§ DATASET SECTION:
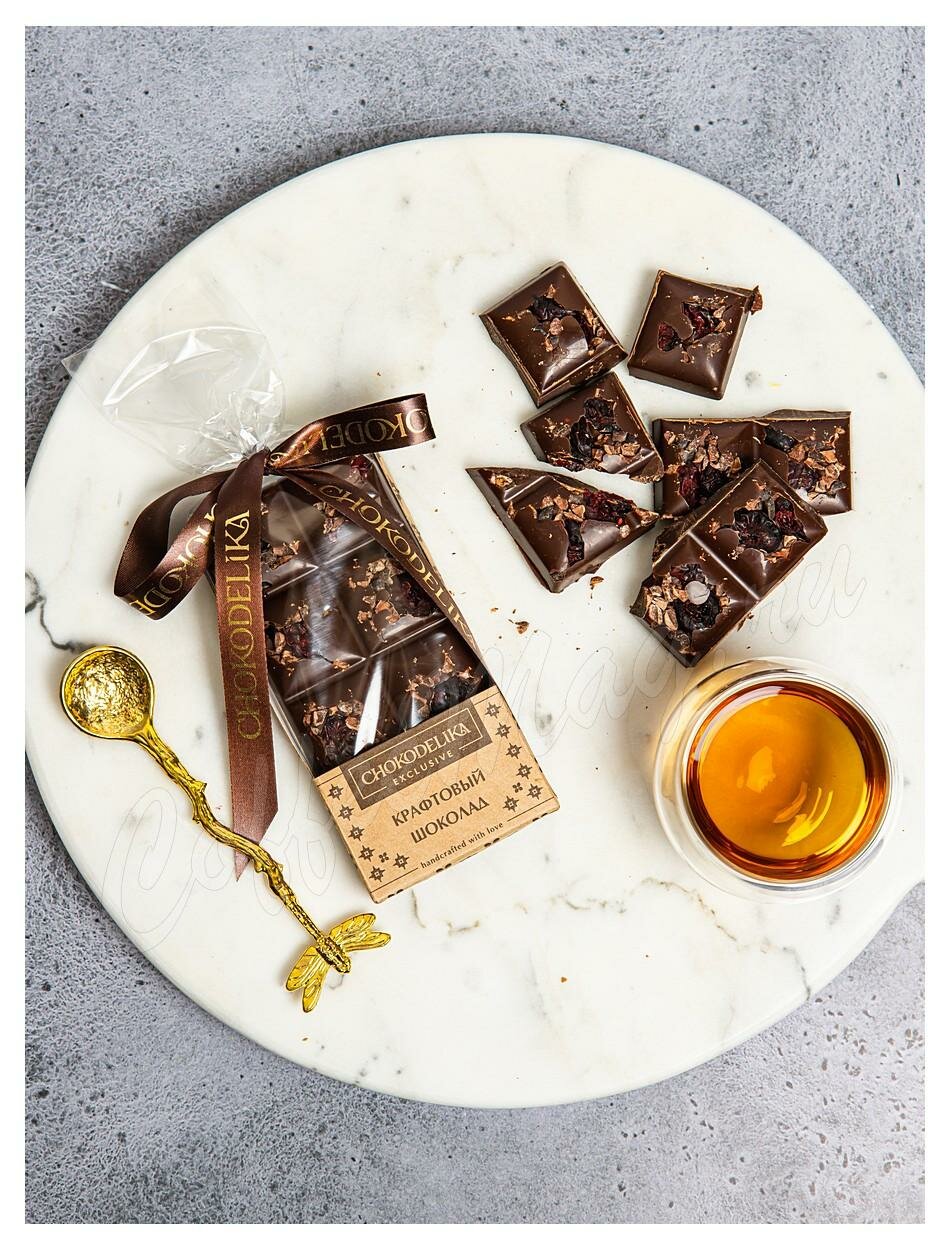 Chokodelika Шоколад темный "Крафтовый микс с клюквой" 50 г - это настоящий гастрономический шедевр, способный покорить сердца любителей шоколада. Основой изысканного деликатеса является темный шоколад высочайшего качества, созданный с использованием отборных какао-бобов, который сногсшибательно сочетается с горьковатой ноткой ягод. Декор из вяленой клюквы придает шоколаду особую элегантность и привлекательность, а дробленые какао-бобы добавляют текстуру и интригующий хруст. Этот шоколад идеально сочетается с чашкой ароматного кофе или чая, подчеркивая их неповторимый вкус. Он станет прекрасным дополнением к вечернему чаепитию или отличным подарком для тех, кого вы хотите порадовать и удивить.
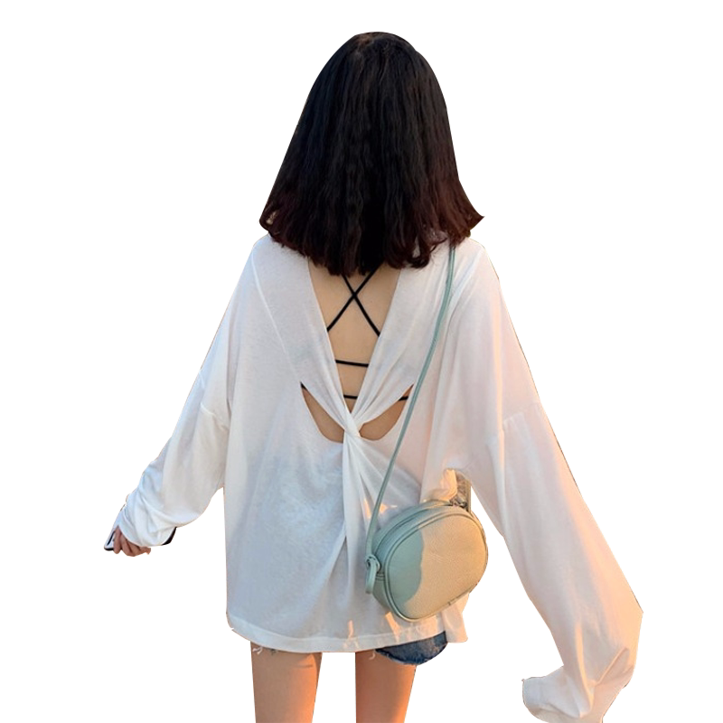 Seaside Vacation Woman with thin Bikini Shirt Swimsuit Outside Beach Surface Surface Surface
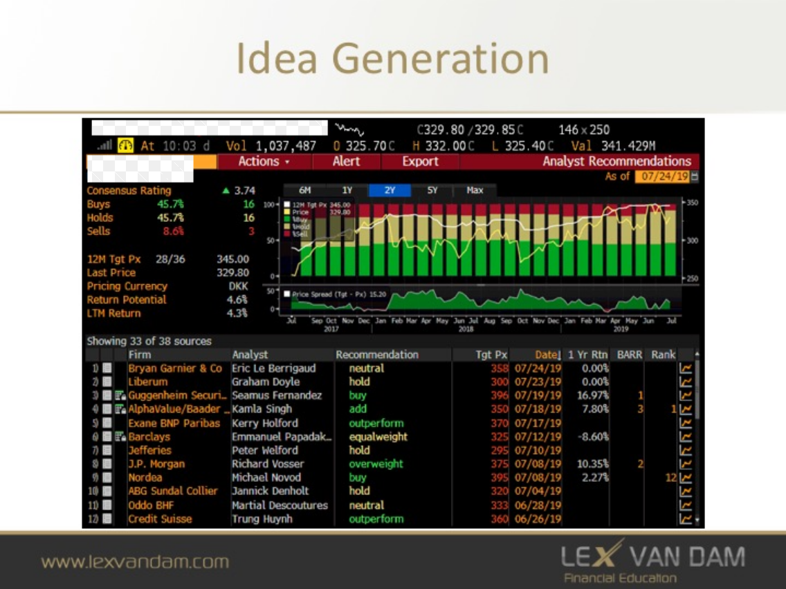 Así que la valoración también es +1 en nuestra Lista de verificación, y todo se ve genial. ¿Pero es esto conocido por el consenso? Después de todo, si todos tienen la misma idea y ya la han comprado, puede ser difícil para la acción apreciarla significativamente. Pero en este caso, como se muestra en la pantalla de Bloomberg a continuación, los analistas están lejos de ser unánimemente optimistas, ¡tal como esperaba ver! Esto significa que todavía hay un montón de analistas que lucharán por mejorar las acciones cuando se despierten a la historia cuando los fundamentos comiencen a transpirar y el dinero inteligente ya haya comprado. Además, los analistas más “precisos” (¿relevantes?) históricamente todos tienen actualmente calificaciones de compra, lo que me hace estar aun más convencido de que pronto seguirá el resto de la manada.

§ DIRECTIONS: Only the lines from the one holding "Seaside Vacation Woman" through the end of the data are to be printed, exactly as they stand and with no pictures.

§ EXERCISE SOLUTION:
 Seaside Vacation Woman with thin Bikini Shirt Swimsuit Outside Beach Surface Surface Surface
 Así que la valoración también es +1 en nuestra Lista de verificación, y todo se ve genial. ¿Pero es esto conocido por el consenso? Después de todo, si todos tienen la misma idea y ya la han comprado, puede ser difícil para la acción apreciarla significativamente. Pero en este caso, como se muestra en la pantalla de Bloomberg a continuación, los analistas están lejos de ser unánimemente optimistas, ¡tal como esperaba ver! Esto significa que todavía hay un montón de analistas que lucharán por mejorar las acciones cuando se despierten a la historia cuando los fundamentos comiencen a transpirar y el dinero inteligente ya haya comprado. Además, los analistas más “precisos” (¿relevantes?) históricamente todos tienen actualmente calificaciones de compra, lo que me hace estar aun más convencido de que pronto seguirá el resto de la manada.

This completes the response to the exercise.